• _Your goal_:
Within the listing that follows, reproduce exactly the lines starting at the line with "The above-mentioned interventions" and ending at the line with "Then the fun", inclusive, and only those. Pictures are dropped.
--- Input data Enclosed Below ---
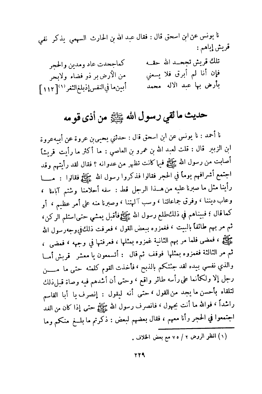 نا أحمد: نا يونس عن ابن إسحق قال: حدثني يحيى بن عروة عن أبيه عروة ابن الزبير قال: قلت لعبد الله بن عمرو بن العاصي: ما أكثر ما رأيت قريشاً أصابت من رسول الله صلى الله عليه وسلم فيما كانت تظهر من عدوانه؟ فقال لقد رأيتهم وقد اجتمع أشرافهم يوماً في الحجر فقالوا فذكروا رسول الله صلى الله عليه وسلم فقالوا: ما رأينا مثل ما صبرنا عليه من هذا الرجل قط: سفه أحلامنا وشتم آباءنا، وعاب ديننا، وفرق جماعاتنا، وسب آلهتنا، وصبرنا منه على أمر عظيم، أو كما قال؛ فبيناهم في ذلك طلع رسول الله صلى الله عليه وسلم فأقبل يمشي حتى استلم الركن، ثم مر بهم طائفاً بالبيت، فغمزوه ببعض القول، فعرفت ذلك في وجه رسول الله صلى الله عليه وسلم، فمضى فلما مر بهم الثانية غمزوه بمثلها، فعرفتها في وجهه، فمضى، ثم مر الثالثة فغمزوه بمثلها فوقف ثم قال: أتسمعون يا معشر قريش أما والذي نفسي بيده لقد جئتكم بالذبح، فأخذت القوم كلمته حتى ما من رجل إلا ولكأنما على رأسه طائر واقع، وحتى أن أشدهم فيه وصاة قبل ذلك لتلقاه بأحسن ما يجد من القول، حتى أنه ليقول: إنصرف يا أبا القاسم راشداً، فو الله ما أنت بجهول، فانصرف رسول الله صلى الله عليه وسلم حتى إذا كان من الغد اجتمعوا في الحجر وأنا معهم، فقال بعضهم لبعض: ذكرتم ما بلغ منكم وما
--- End of Enclosed Input data ---
--- Input data Enclosed Below ---
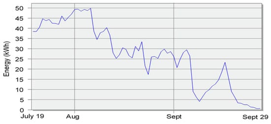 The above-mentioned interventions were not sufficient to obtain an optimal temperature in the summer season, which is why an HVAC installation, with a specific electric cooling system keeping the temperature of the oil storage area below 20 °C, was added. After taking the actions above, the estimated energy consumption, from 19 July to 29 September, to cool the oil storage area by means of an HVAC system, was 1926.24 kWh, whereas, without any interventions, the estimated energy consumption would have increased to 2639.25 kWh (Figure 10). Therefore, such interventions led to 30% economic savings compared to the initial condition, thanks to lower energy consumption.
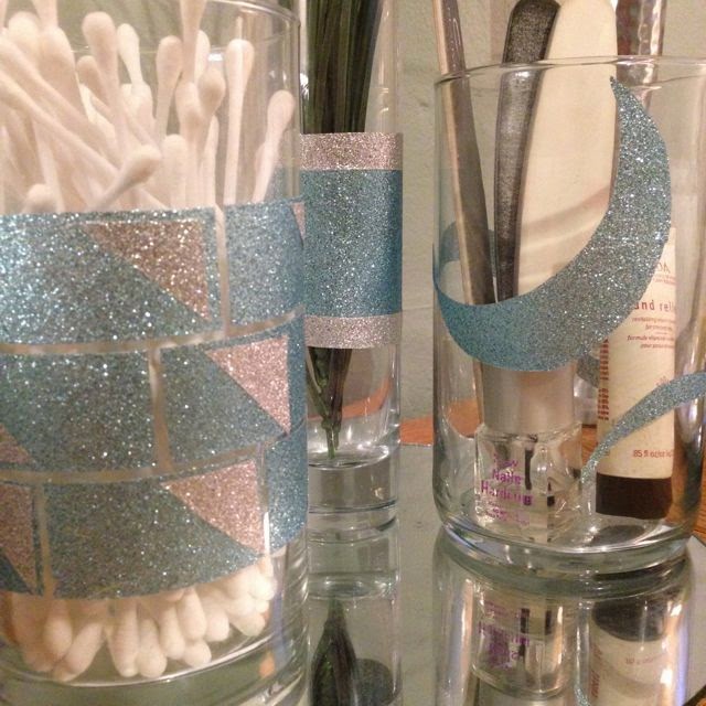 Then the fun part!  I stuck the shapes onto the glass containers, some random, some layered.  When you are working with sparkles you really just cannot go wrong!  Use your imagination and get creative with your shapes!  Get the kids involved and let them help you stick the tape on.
--- End of Enclosed Input data ---
--- Input data Enclosed Below ---
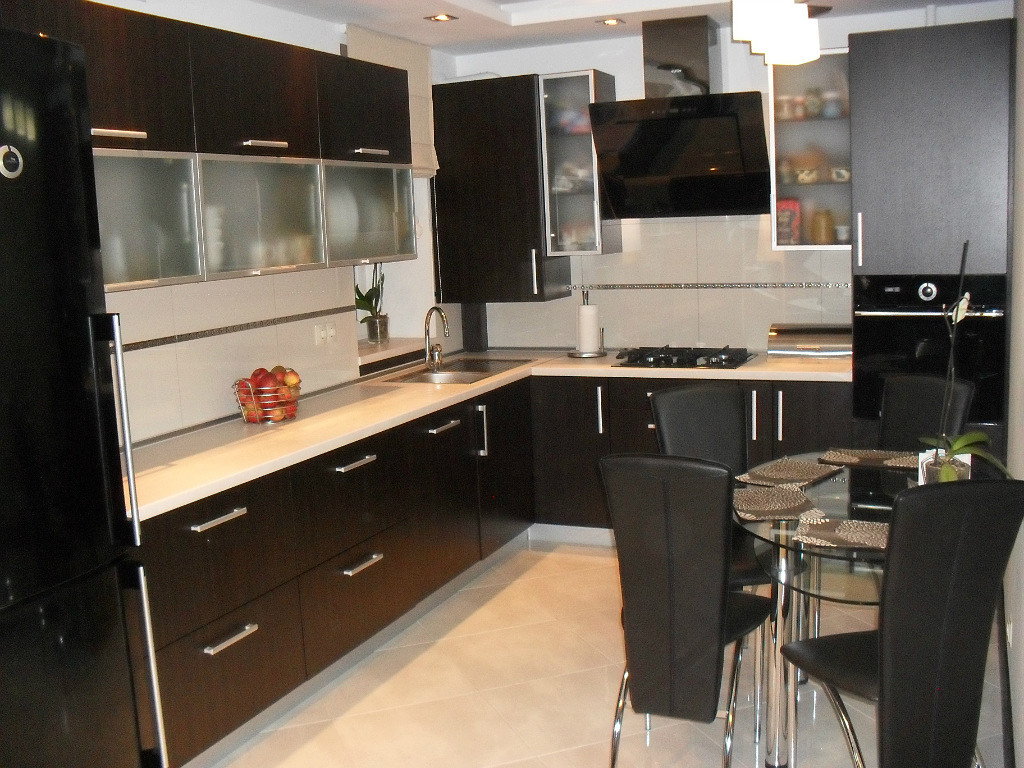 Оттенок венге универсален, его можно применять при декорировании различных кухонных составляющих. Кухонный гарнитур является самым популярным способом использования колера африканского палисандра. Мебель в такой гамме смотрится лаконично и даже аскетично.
--- End of Enclosed Input data ---
• _Output_:
 The above-mentioned interventions were not sufficient to obtain an optimal temperature in the summer season, which is why an HVAC installation, with a specific electric cooling system keeping the temperature of the oil storage area below 20 °C, was added. After taking the actions above, the estimated energy consumption, from 19 July to 29 September, to cool the oil storage area by means of an HVAC system, was 1926.24 kWh, whereas, without any interventions, the estimated energy consumption would have increased to 2639.25 kWh (Figure 10). Therefore, such interventions led to 30% economic savings compared to the initial condition, thanks to lower energy consumption.
 Then the fun part!  I stuck the shapes onto the glass containers, some random, some layered.  When you are working with sparkles you really just cannot go wrong!  Use your imagination and get creative with your shapes!  Get the kids involved and let them help you stick the tape on.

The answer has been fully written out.